YOUR GOAL: Starting at the first line of the listing below, repeat each line exactly until the line containing "This granny annexe", which you include. Leave out pictures.

DATASET EXTRACT:
Content starts
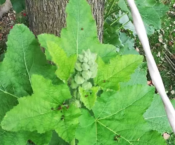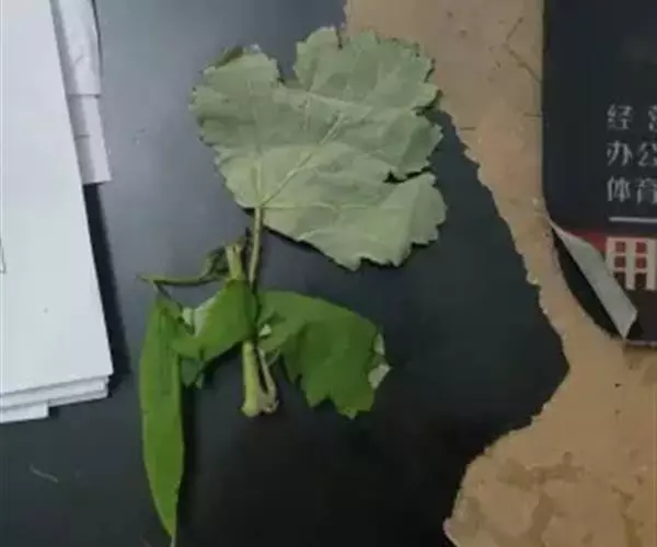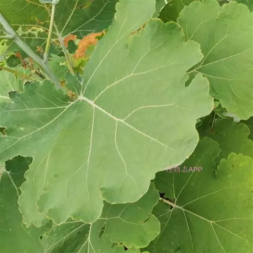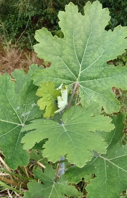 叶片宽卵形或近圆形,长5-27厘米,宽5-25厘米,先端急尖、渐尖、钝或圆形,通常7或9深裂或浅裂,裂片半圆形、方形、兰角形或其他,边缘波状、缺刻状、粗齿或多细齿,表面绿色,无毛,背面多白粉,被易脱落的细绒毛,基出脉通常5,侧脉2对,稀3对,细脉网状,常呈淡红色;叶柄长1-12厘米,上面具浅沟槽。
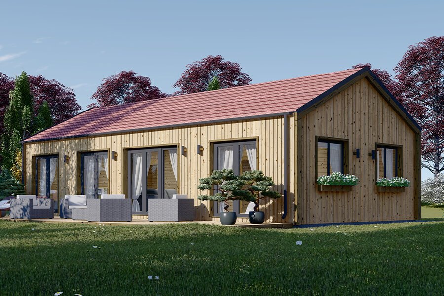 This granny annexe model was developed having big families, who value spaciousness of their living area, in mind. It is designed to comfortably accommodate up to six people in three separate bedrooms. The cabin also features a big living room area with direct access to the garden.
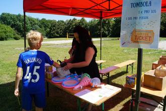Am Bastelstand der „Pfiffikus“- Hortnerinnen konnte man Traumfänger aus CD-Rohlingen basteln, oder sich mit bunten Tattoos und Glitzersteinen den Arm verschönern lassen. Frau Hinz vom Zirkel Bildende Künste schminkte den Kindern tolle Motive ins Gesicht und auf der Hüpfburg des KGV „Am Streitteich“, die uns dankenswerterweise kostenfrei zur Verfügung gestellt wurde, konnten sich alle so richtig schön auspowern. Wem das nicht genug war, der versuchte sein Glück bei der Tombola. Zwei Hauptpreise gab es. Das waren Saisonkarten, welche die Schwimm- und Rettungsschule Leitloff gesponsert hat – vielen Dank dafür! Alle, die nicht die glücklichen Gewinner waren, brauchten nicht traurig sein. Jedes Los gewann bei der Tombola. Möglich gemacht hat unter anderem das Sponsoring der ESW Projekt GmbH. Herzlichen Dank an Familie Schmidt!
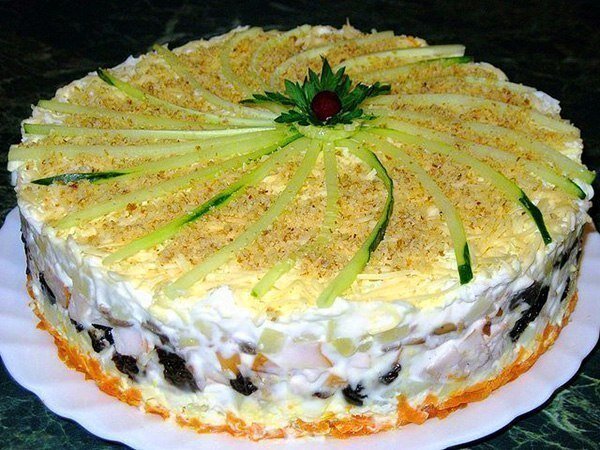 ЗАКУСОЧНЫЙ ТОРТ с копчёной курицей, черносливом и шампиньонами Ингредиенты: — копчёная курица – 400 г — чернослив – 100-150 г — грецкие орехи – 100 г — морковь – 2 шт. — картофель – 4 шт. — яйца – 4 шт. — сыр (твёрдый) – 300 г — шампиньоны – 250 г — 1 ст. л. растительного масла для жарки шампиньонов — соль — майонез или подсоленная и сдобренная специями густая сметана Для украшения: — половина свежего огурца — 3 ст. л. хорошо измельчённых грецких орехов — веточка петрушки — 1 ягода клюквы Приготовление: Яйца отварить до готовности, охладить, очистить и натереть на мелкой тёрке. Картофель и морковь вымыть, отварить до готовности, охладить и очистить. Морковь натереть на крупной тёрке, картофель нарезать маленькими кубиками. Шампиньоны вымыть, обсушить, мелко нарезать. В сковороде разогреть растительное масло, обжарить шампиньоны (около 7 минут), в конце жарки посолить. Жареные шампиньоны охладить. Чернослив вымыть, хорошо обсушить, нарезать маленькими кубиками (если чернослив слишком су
Content ends
SOLVED EXERCISE:
 叶片宽卵形或近圆形,长5-27厘米,宽5-25厘米,先端急尖、渐尖、钝或圆形,通常7或9深裂或浅裂,裂片半圆形、方形、兰角形或其他,边缘波状、缺刻状、粗齿或多细齿,表面绿色,无毛,背面多白粉,被易脱落的细绒毛,基出脉通常5,侧脉2对,稀3对,细脉网状,常呈淡红色;叶柄长1-12厘米,上面具浅沟槽。
 This granny annexe model was developed having big families, who value spaciousness of their living area, in mind. It is designed to comfortably accommodate up to six people in three separate bedrooms. The cabin also features a big living room area with direct access to the garden.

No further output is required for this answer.